2. At least one of the worlds envisioned by Tagomi, as well as the world described by Amundsen, does not actually appear to be our world. The book is not so much about imagining a dystopian world in contrast to our (presumably better) world, but rather about parallels between the nightmare "primary world" of the novel and our own somewhat less nightmarish but still quite awful world. The capacity to imagine a better world than the one we live in is, in the novel, a key part of being a virtuous person capable of resisting the evil in which we live. It's not so much "how wonderful it is that we live in a world in which the Nazis didn't win" but "whatever evil exists in our world is not inevitable and should be opposed with imagination and compassion." Fundamentally, it's a novel about contingency and free will.

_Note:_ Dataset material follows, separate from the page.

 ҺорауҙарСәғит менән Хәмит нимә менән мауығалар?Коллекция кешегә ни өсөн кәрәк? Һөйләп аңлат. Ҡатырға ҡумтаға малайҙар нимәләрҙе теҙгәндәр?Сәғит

3. In the book, Amundsen is a novelist. I see why one might turn the novel into film footage for a TV series, but I'm not sure it works as well. Again, in the book the messages from the "other world" come through visions and imagination, mediated in many cases by the Chinese divination manual the I Ching. The big reveal about Amundsen at the end of the novel is that he actually wrote his alternate-history novel (depicting an Allied victory) by consulting the I Ching for every plot point. Thus, the novel is a kind of divine revelation. It looks as if the series turns this into a more conventional kind of alternate history.

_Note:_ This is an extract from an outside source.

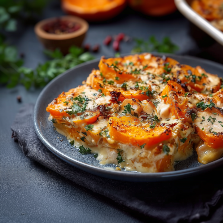 Preparat cu bază fină de cartof dulce și bucăți fragede de piept de pui, legate într-o cremă catifelată de smântână și brânzeturi. Gust echilibrat, ușor dulceag, completat de aromele proaspete ale cepei verzi și parmezanului, perfect pentru o masă caldă de prânz sau o cină savuroasă.

4. The article says that the Japanese characters are WWII tropes. In the novel, they are somewhat culturally stereotypical, but they read much more like Japanese people as Westerners encounter or imagine them in the modern, post-WWII world. That is to say, there is actually little trace of imperialistic arrogance in them and they behave in conquered America essentially as Japanese tourists do in our world. This is very funny (and, in fact, quite stereotyping), but actually lets the historical WWII Japanese off the hook, I think. The Japanese in High Castle are fairly clearly the "good guys," mostly because the Japanese person we see most of is Tagomi, who is the most virtuous and compassionate character in the novel. So I'd fault the novel for its white-washing of the Japanese record. But, again, in the novel this is partly about challenging our assumptions about good guys and bad guys. Characters in the novel casually refer to the terrible atrocities committed by the Allies, especially the British. In a world in which the Axis won, it is conceivable that the Japanese might have developed into a relatively benign civilization and might have sought to cover over their past atrocities, while of course the atrocities committed by the Allies would not have been excused or covered over as they often have been in our world. If we take the point-of-view characters in Dick's novel to be entirely reliable, then the book gives a very naive picture of the Japanese. But the novel uses a limited third-person point of view (from the perspective of multiple characters) precisely, I think, in order to force us to think through the differences between their perception of the world they live in and the reality, and then to apply that same critical thinking to our own perceptions of our own world.
In summary, I hope to see this series at some point, but I would strongly urge people to read the book, which is one of the greatest sci-fi novels (and probably the single greatest alternate history novel) ever written.